HCM City funds infrastructure for Samsung project

The government of HCMC is spending around VND1 trillion developing infrastructure and building facilities to support the implementation of Samsung’s US$1.4-billion electronics project at the Saigon Hi-Tech Park (SHTP).


HCMC chairman Le Hoang Quan unveiled the huge spending at a meeting with Han Myoung Sup, general director of Samsung Vietnam, and some senior representatives of Samsung in Vietnam in the city on January 21.


Han has been appointed to head all projects of Samsung in Vietnam, including the Samsung CE Complex (SECC) at SHTP, which was licensed last October.


According to Quan, the city government is urgently developing facilities on 70 hectares of land at SHTP planned for SECC, leveling the site and building roads so that Samsung can have cleared land on schedule. The budget for all these works is VND1 trillion, he said.


Han said at the meeting that Samsung has implemented many projects in Southeast Asia but the project in HCMC is important. Samsung is trying to put it into operation around this time next year.


The latest smart TVs will be turned out in the first phase of the project before the production of household electronic appliances.


Earlier, the authority of SHTP revealed that in addition to smart TVs, Samsung will manufacture air conditioners, refrigerators and washing machines, of which Samsung wants to boost local sales.


SECC will also have a research and development (R&D) center supporting the project.


The project, once completed, will be able to employ around 6,000 workers. According to Han, like other projects of Samsung, the group will invest in good facilities for its employers to work and live.

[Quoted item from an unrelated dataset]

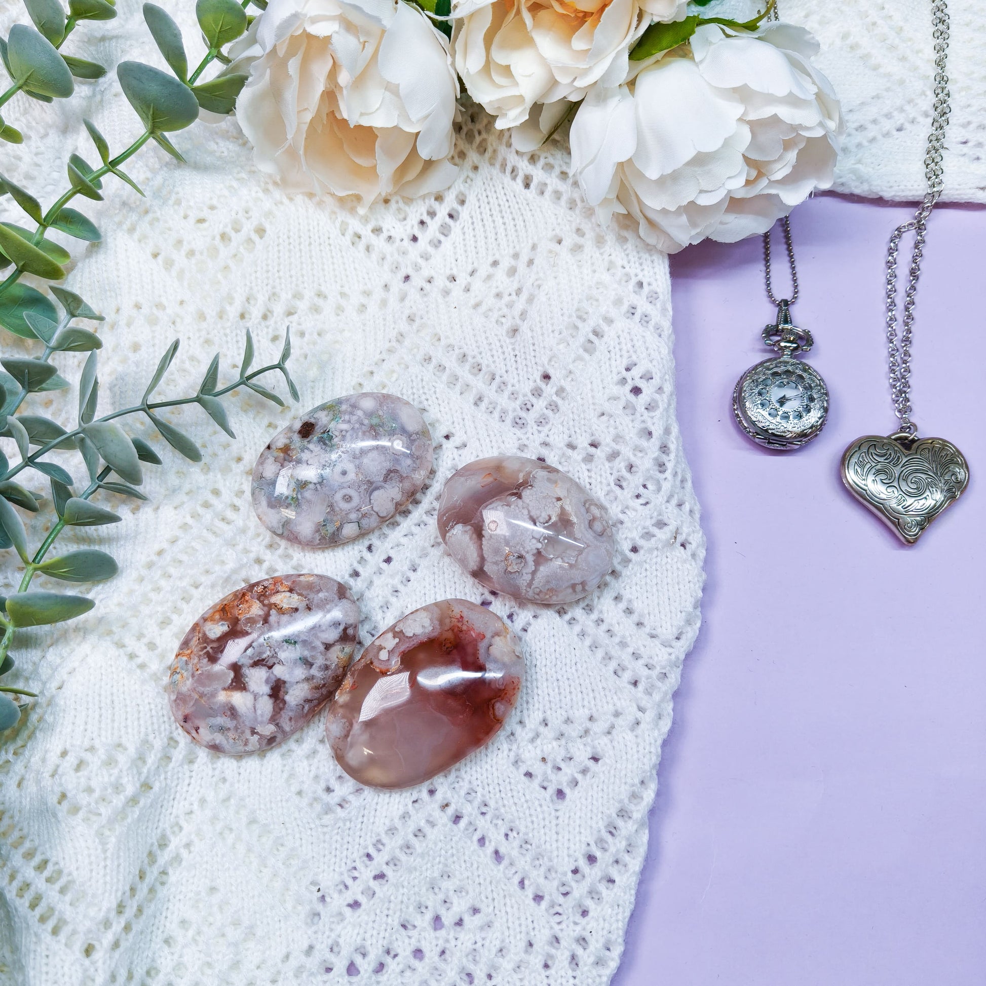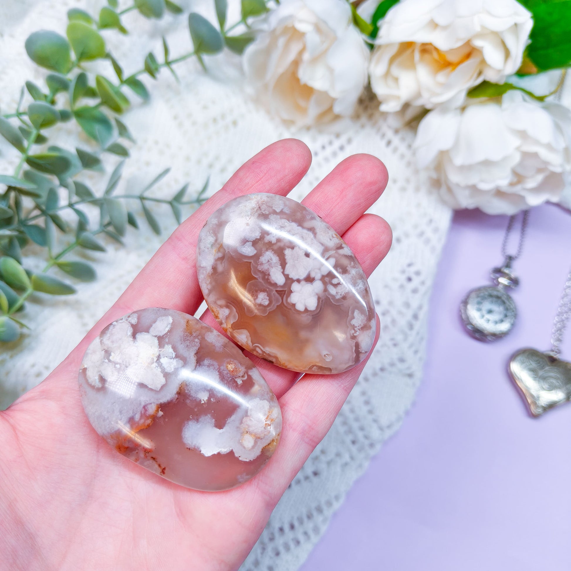 Avainsanat: kukka-akaatti, akaatti, vaaleanpunainen, beige, punainen, pinkki, kukka, kuvio, keräily, harvinaisuus, kivikaiverrus, muotoon hiottu, kristalli, voimakivi, energiakivi
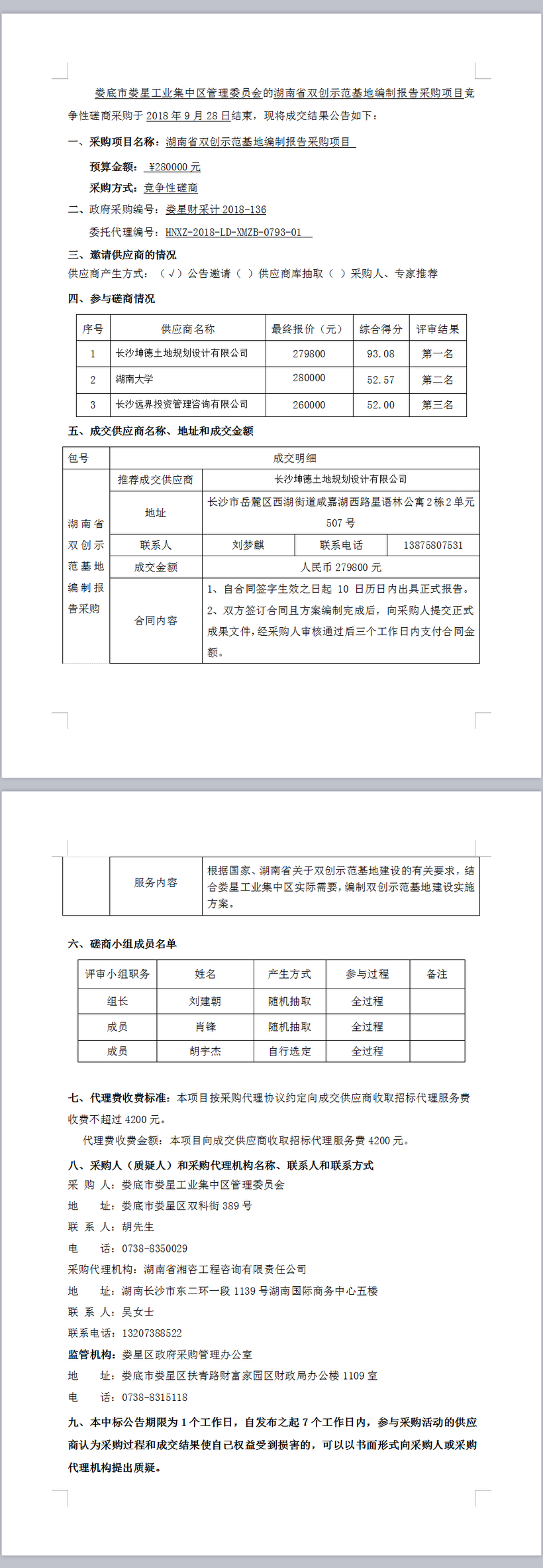 湖南省雙創(chuàng)示范基地編制報(bào)告采購項(xiàng)目競爭性磋商成交結(jié)果公告

Under the initial plan, phase one of the project will be operation in the second quarter of next year. However, Quan hoped the project could produce the first curved screen TV on September 2 to mark Vietnam’s 70th National Day.


SECC is also the project with the biggest registered capital at SHTP, exceeding the US$1-billion project of Intel licensed in 2006.


HCMC expects Samsung’s project will help spur exports of the city, increase domestic production value in hi-tech goods exports and improve the skills of hi-tech manpower in the coming time.


Samsung currently has two electronics complexes worth billions of U.S. dollars in the northern provinces of Bac Ninh and Thai Nguyen. These complexes have created jobs for nearly 60,000 laborers and generated dozens of billions of dollars in export revenue.


Around 35% of Samsung cell phones available for purchase on global markets are manufactured and assembled at Samsung’s plants in Vietnam and the ratio will be raised to some 50% in the coming time.